# Decision Made



## Bro.BruceBenjamin (Dec 23, 2010)

I made a decision today as I was writing checks to the various houses that I belong to that 2011 will be different. My mother lodge has been suffering for a few years and in 2011 it will be my main focus. Since the day I was brought from a dead level to a living perpendicular standing on a square in 94' I stepped away from masonry, but I regained my vigor last year. Last year I was the Senior Deacon of my lodge having held no other position before this.

In my second year as SD I challenge all the members of my lodge and any lodge to think outside of the box. I also challenge them to give a year only to the blue house lodge and focus on getting the house in order.
The disrepair of the men and the physical building leaves a nasty taste in my mouth and I will be addressing it. I heard it said, “ You are either part of the problem or part of the solution.” It is my hope that everyone chooses the latter. I can not let the crap of 2010 carry over into 2011.

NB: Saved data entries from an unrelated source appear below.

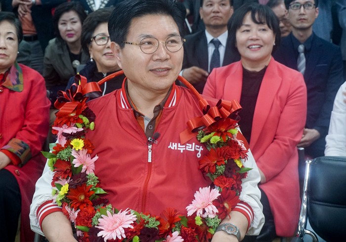 (서울=포커스뉴스) 20대 총선에서 당선이 확정된 홍문종 새누리당 경기 의정부을 후보가 13일 경기도 의정부 자신의 선거사무소에서 기뻐하고 있다. <사진제공=홍문종 후보 선거사무소>
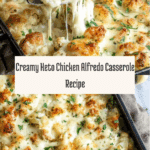 Keywords: Keto Chicken Alfredo Casserole, low carb casserole, cauliflower casserole, keto dinner, chicken Alfredo bake, cheesy casserole
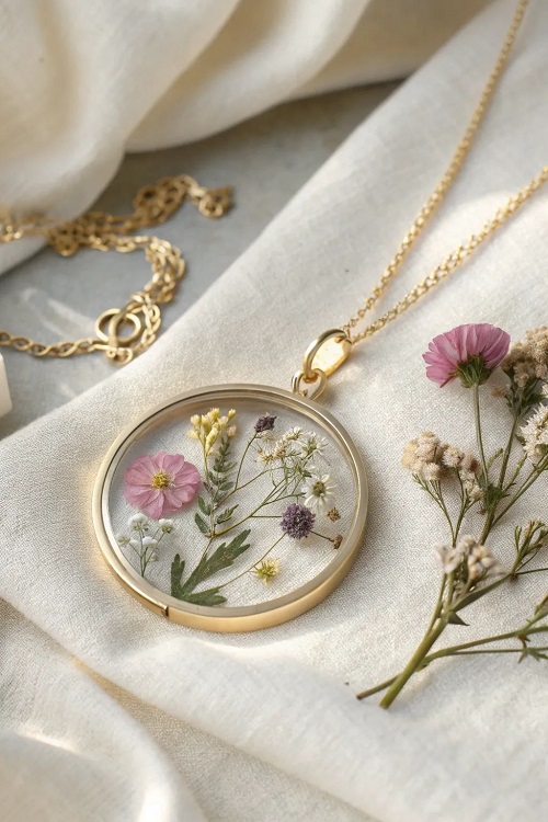 You can explore dozens of pressed flower earring photos and ideas on this Pinterest page. You’ll see styles from minimalist studs to bold resin drops.

Masonry is what I live each and every day!


----------



## Bro. Stewart P.M. (Dec 23, 2010)

Good for you Brother Benjamin!! I wish you the best of luck in your endeavor, it sounds like your compass is leading you in the right direction!


----------



## Blake Bowden (Dec 23, 2010)

Indeed!


----------



## blackbeard (Dec 23, 2010)

THAT is how things get done...may not be easy, may not make everyone happy, but MUST be done to GET things done....good job brother!  i hear brethren complain about things that don't get done or don't get done right...if you have the time to complain about it, then take the time to FIX it.  i think this the core of what freemasonry is.  we ALL have the power to make change happen to better ourselves, our lodge, our community, and even our country...props to you for making that stand.


----------



## koricua74 (Dec 26, 2010)

Well said; your posts are inspiring as well as educational brother. Good luck to you in the upcoming year.


----------



## turtle (Dec 26, 2010)

Well said brother!


----------



## Jamesb (Dec 27, 2010)

It's good to shake the pillars once and a while.


----------



## Dave in Waco (Dec 27, 2010)

Well said brother!!  We must keep our foundation in good repair.  Without a strong blue lodge foundation, the rest of our groups are built on sand.


----------



## Hippie19950 (Dec 27, 2010)

Bro. Benjamin,
   This is what we have done. Many of us are contributing more to OUR Lodge, than anything other than Church. We are making some progress, in getting things moving forward once again. I have had my S.D. with me many times, when I visit a Brother, someone with the City, or any other thing I do. This is to hopefully give him some guidance I didn't get. It will also let others know we are trying to work as a team. I was laid off this past August, but am able to get enough work to take care of my family, contribute to Church, and still give a little extra to Lodge. Not as much for any of the three as I would like, but still taking care of them. This is what we all need to do, when we see our Lodge is slipping a bit. Stop it before it gets too bad, as it is a LONG trip back.
   Good Work Brother.


----------



## Raymond Walters (Dec 30, 2010)

Excellent! The Symbolic Lodge should have your utmost attention. 
First, the honor bestowed on you by your lodge warrants that one should work to improve their lodge. 
Second, ALL the lessons of Freemasonry are to be found in the degrees of the Symbolic Lodge(EA, FC, MM-including the Holy Royal Arch)
Third, I commend you for being willing to adjust and help improve the lodge, and yourself in the process!


----------



## Bro. Staton (Nov 3, 2014)

This is a very good post and we face the same issues at my lodge and as the Senior Deacon I too am looking for ways to the change the abnormal conditions in which it exist at this point. This is a very good post and many as I am starting to see forgot about the blue lodge as they progress to other houses. Never forget your home!! You will always need to come back to it...Simple saying with weight...


----------



## Hotep357 (Dec 29, 2014)

I know this post is old but how does one invest in his lodge?


----------



## Bill Lins (Dec 29, 2014)

Hotep357 said:


> I know this post is old but how does one invest in his lodge?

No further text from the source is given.